[Given entries Boundary: Start]

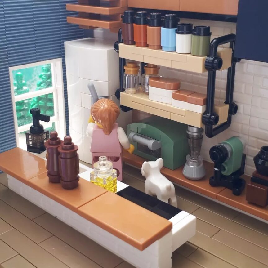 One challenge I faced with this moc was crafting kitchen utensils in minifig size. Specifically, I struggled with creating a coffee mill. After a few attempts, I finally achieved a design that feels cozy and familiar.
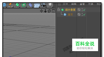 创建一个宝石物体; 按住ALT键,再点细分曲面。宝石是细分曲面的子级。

[Given entries Boundary: End]
[Given entries Boundary: Start]

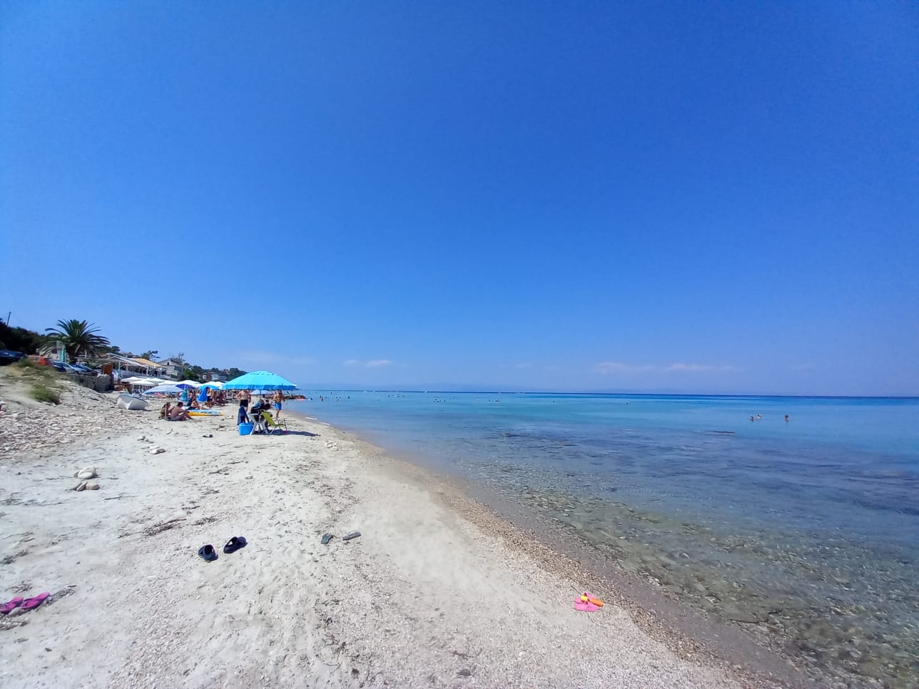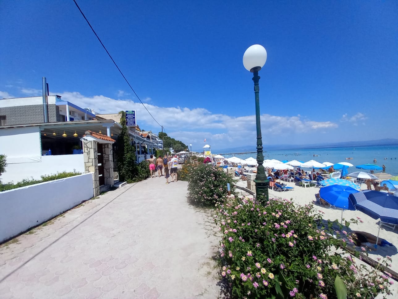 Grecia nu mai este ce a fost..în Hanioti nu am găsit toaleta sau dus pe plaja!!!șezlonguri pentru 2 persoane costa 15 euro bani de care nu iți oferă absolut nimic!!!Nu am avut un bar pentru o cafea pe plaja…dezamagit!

[Given entries Boundary: End]

### [Work to complete]
A word-for-word reproduction is needed of the lines above from the line containing "One challenge I" through the line containing "创建一个宝石物体; 按住ALT键,再点细分曲面。宝石是细分曲面的子级。", with both ends kept and no pictures.

### [Response to the exercise]
 One challenge I faced with this moc was crafting kitchen utensils in minifig size. Specifically, I struggled with creating a coffee mill. After a few attempts, I finally achieved a design that feels cozy and familiar.
 创建一个宝石物体; 按住ALT键,再点细分曲面。宝石是细分曲面的子级。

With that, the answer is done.